### Task goal
Transcription, pictures excluded: write out the data below exactly.

### Provided data
####

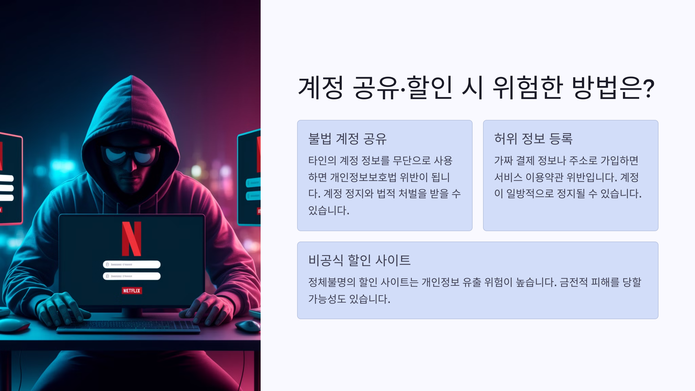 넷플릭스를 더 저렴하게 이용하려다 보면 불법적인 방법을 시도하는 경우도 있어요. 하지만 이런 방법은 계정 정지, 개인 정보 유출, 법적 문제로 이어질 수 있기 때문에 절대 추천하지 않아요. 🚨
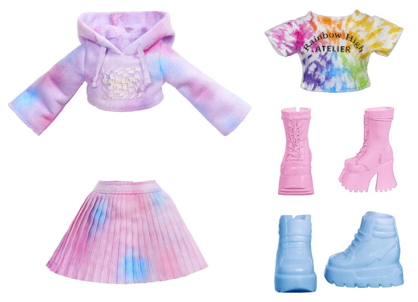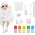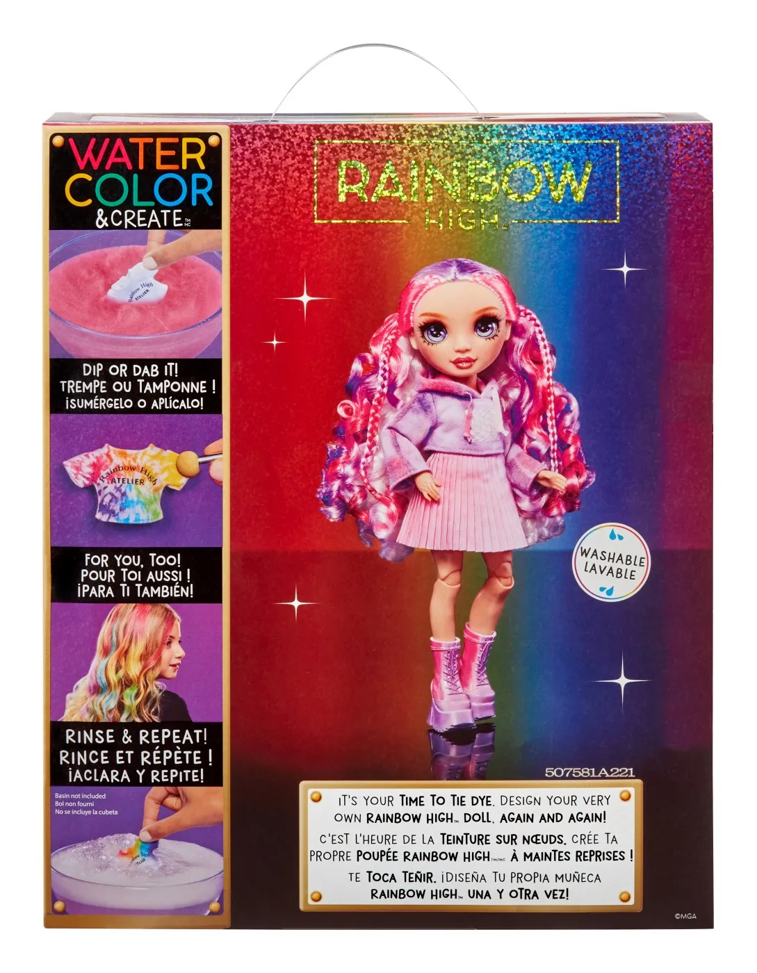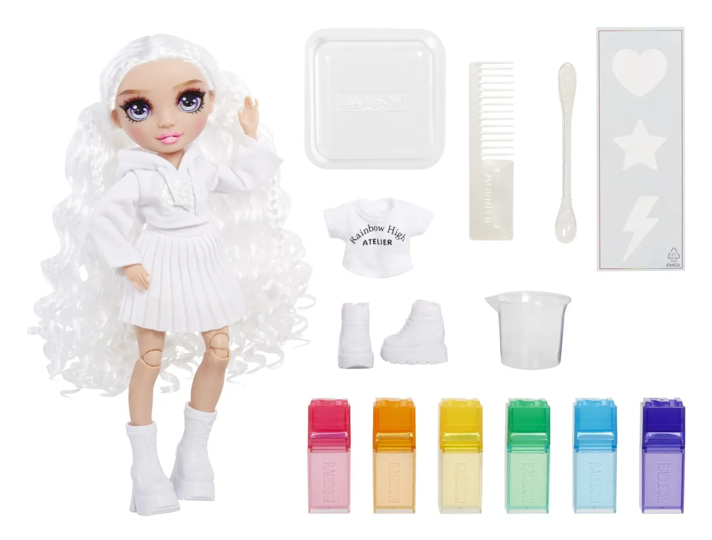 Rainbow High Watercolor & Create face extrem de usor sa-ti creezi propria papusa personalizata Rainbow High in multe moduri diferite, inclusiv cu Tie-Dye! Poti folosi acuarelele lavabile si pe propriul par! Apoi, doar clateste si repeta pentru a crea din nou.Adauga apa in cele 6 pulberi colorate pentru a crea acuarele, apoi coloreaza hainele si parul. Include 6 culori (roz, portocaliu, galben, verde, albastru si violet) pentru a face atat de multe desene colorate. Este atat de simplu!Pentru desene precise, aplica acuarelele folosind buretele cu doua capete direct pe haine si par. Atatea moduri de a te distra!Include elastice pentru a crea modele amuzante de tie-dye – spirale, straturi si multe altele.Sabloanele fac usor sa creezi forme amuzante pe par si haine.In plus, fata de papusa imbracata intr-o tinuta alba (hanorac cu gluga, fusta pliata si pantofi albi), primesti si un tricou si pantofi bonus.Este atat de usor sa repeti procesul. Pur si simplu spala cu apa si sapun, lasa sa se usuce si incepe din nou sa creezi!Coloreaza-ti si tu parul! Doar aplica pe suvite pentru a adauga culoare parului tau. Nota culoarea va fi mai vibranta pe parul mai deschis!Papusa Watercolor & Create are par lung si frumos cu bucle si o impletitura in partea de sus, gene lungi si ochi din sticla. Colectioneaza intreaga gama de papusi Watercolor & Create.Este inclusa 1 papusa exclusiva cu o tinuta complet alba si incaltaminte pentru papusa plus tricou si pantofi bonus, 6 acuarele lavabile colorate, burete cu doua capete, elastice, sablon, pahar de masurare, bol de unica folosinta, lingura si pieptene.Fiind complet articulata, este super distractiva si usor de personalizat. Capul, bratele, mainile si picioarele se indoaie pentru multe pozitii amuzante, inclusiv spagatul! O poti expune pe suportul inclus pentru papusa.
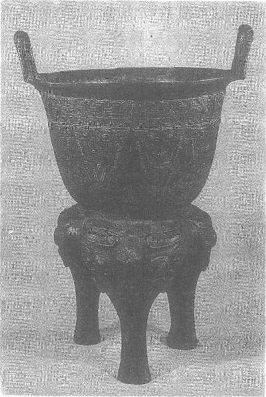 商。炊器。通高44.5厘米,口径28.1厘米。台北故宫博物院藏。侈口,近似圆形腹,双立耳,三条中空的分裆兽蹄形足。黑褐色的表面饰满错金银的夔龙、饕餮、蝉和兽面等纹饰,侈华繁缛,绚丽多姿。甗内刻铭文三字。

####

### Answer below
 넷플릭스를 더 저렴하게 이용하려다 보면 불법적인 방법을 시도하는 경우도 있어요. 하지만 이런 방법은 계정 정지, 개인 정보 유출, 법적 문제로 이어질 수 있기 때문에 절대 추천하지 않아요. 🚨
 Rainbow High Watercolor & Create face extrem de usor sa-ti creezi propria papusa personalizata Rainbow High in multe moduri diferite, inclusiv cu Tie-Dye! Poti folosi acuarelele lavabile si pe propriul par! Apoi, doar clateste si repeta pentru a crea din nou.Adauga apa in cele 6 pulberi colorate pentru a crea acuarele, apoi coloreaza hainele si parul. Include 6 culori (roz, portocaliu, galben, verde, albastru si violet) pentru a face atat de multe desene colorate. Este atat de simplu!Pentru desene precise, aplica acuarelele folosind buretele cu doua capete direct pe haine si par. Atatea moduri de a te distra!Include elastice pentru a crea modele amuzante de tie-dye – spirale, straturi si multe altele.Sabloanele fac usor sa creezi forme amuzante pe par si haine.In plus, fata de papusa imbracata intr-o tinuta alba (hanorac cu gluga, fusta pliata si pantofi albi), primesti si un tricou si pantofi bonus.Este atat de usor sa repeti procesul. Pur si simplu spala cu apa si sapun, lasa sa se usuce si incepe din nou sa creezi!Coloreaza-ti si tu parul! Doar aplica pe suvite pentru a adauga culoare parului tau. Nota culoarea va fi mai vibranta pe parul mai deschis!Papusa Watercolor & Create are par lung si frumos cu bucle si o impletitura in partea de sus, gene lungi si ochi din sticla. Colectioneaza intreaga gama de papusi Watercolor & Create.Este inclusa 1 papusa exclusiva cu o tinuta complet alba si incaltaminte pentru papusa plus tricou si pantofi bonus, 6 acuarele lavabile colorate, burete cu doua capete, elastice, sablon, pahar de masurare, bol de unica folosinta, lingura si pieptene.Fiind complet articulata, este super distractiva si usor de personalizat. Capul, bratele, mainile si picioarele se indoaie pentru multe pozitii amuzante, inclusiv spagatul! O poti expune pe suportul inclus pentru papusa.
 商。炊器。通高44.5厘米,口径28.1厘米。台北故宫博物院藏。侈口,近似圆形腹,双立耳,三条中空的分裆兽蹄形足。黑褐色的表面饰满错金银的夔龙、饕餮、蝉和兽面等纹饰,侈华繁缛,绚丽多姿。甗内刻铭文三字。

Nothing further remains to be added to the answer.